Sure, Marge’s snail eyes have that terrible CG sheen so much of the scary stuff in Welcome to Derry has been the victim of, but the entire sequence is so nightmarish and arch to begin with that the authenticity of Matilda Lawler’s reactions carry the effects through. It is some Evil Dead shit of the highest order, and I’ve always got space in my heart for that. The episode could’ve ended right at that fever pitch, but instead, we’re treated to an extended flashback sequence that adds some intriguing new detail to the legend of Pennywise with a ton of flair, thanks to Dick Hallorann’s “shine.”

With Will’s attack fresh on his mind, Leroy grills both Hallorann and Shaw about the true nature of Operation Precept.. That gives Leroy a front row seat to Hallorann’s psychic interrogation of Taniel, a member of Derry’s Indigenous community and Rose’s nephew, as Hallorann seeks answers on the “beacons” or “pillars” connected to Pennywise buried under Derry.
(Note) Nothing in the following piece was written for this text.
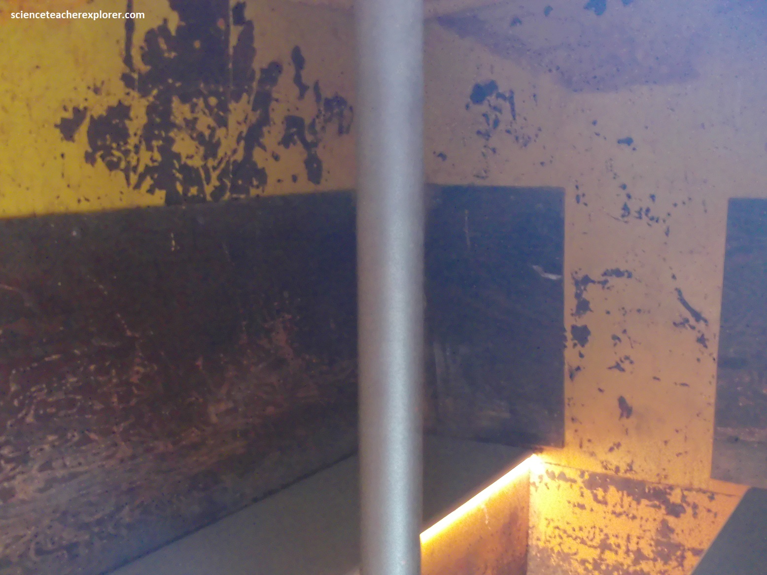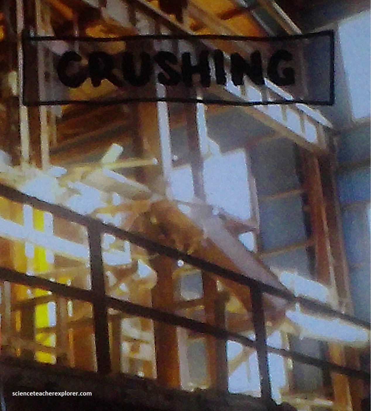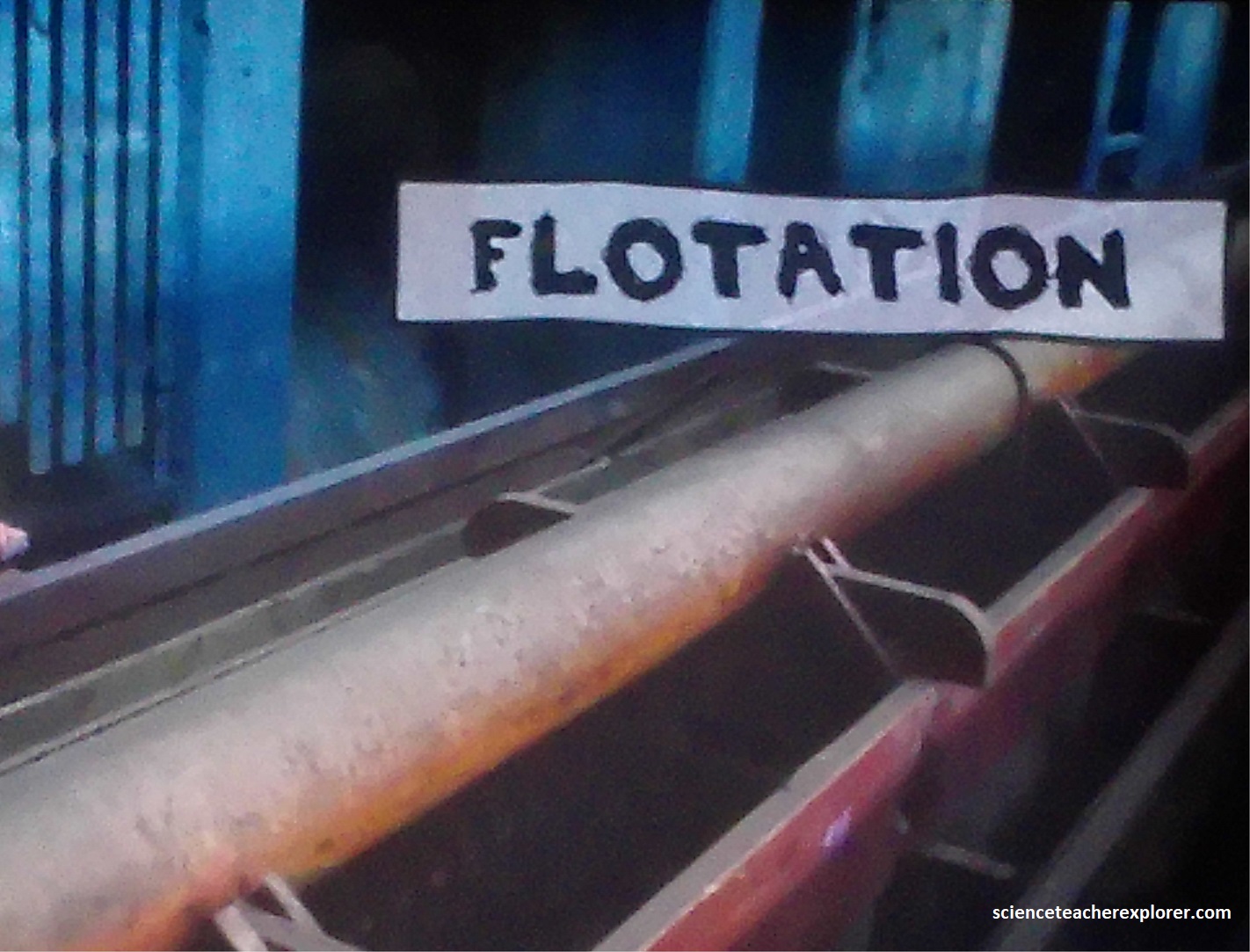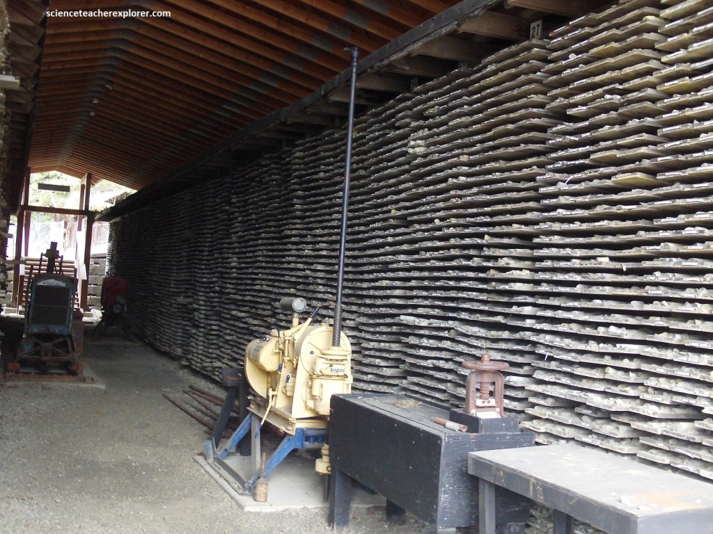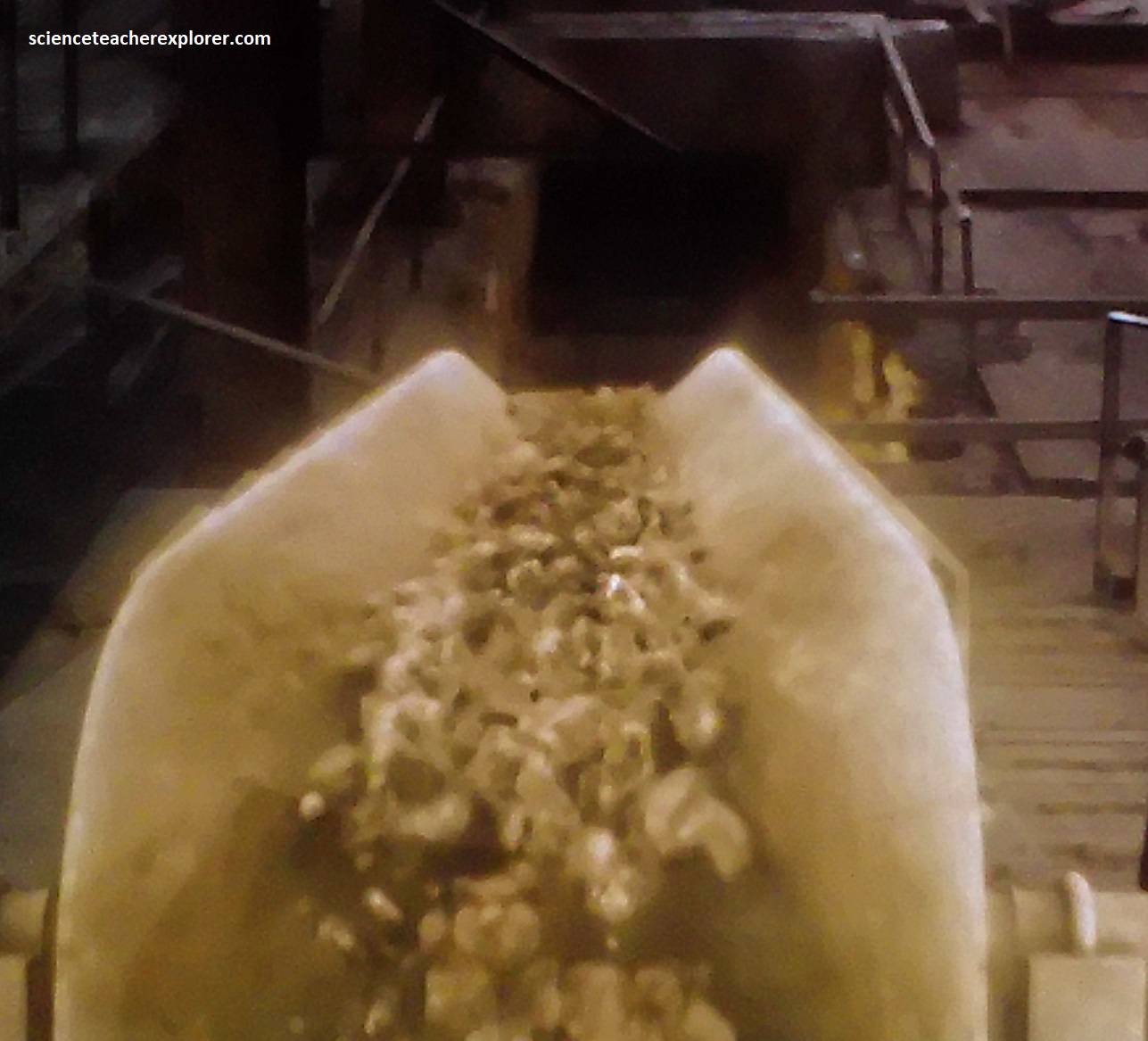 The ore then entered ball mills, (large, rotating drums filled with steel balls). These rocks are then pulverized and ground into a fine powder as thin as flour, {Images below were taken from an interpretive sign on-site}.
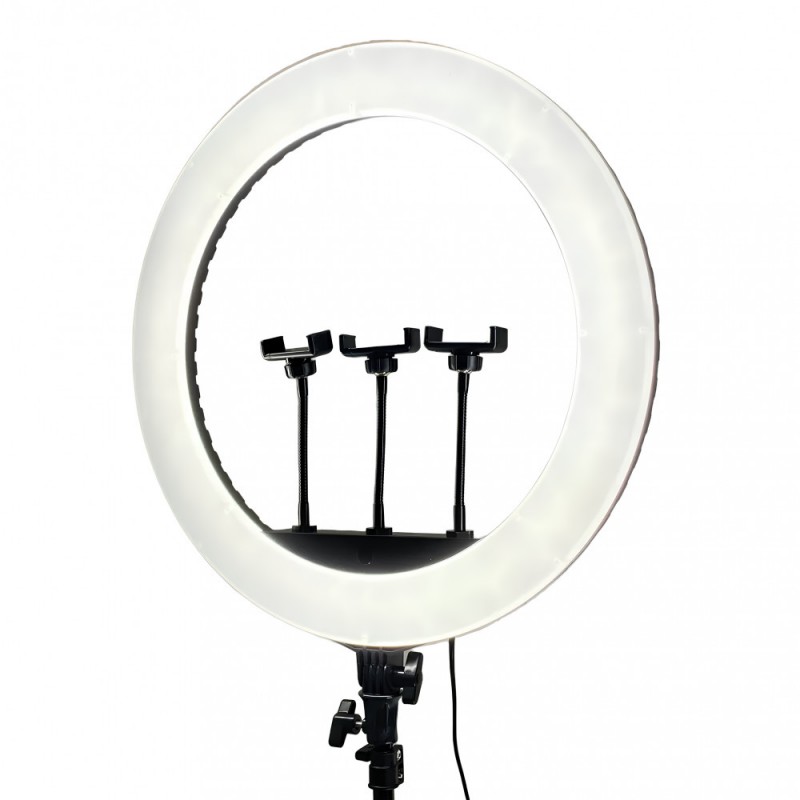 Кільцева лампа з великою кількістю світлодіодів та двома диммерами для регулювання кольору. Лампа підійде як для любителів, так і для професіоналів у сфері відео та фотографії. Є кріплення для смартфонів і фотоапаратів. Регулювання світла плавне, можна вибрати підходящий - теплий, нейтральний, холодний. Потужність 72.0 (Вт). Комплект включає: лампу, пульт, кріплення для смартфона, сумку, шнур живлення.

Hallorann finds himself in a dark void of back-lit doors (cool), doors which his grandmother’s ghostly voice has been urging him to keep closed (a nice nod to some Hallorann family history we learn in Doctor Sleep). Hallorann enters a memory of Taniel’s wherein his aunt Rose asks him to recount their tribe’s legend of The Galloo, their name for It. One level deeper in Taniel’s mind, the legend plays out as we see both It’s arrival on earth and how Rose and Taniel’s ancestors were the first to figure out how to counteract it.

Taniel’s story plays out at exciting pace, almost like a snappy, self-contained It short film to end the episode, and with an extra level of danger added by virtue of the fact that this is all being perceived in real-time by Hallorann. Last week’s episode saw Pennywise speak to him while he was shining, so for Hallorann to be bearing witness to such a sensitive chapter of It’s history while being psychically vulnerable gave the sequence a deep sense of unease, which the sound design reinforces nicely. The low-end warbles evoke Stanley Kubrick’s sound mix for The Shining while Hallorann and Danny were having visions. The information Hallorann gets from Taniel’s story also lends the nature of Operation Precept a touch more nuance and logical connection to Pennywise’s cosmological origins than I’d first anticipated. Welcome to Derry still has work to do to convince me that Operation Precept’s going to be worth our time, but at the very least, some of what Hallorann’s vision reveals gives it a stronger foundation.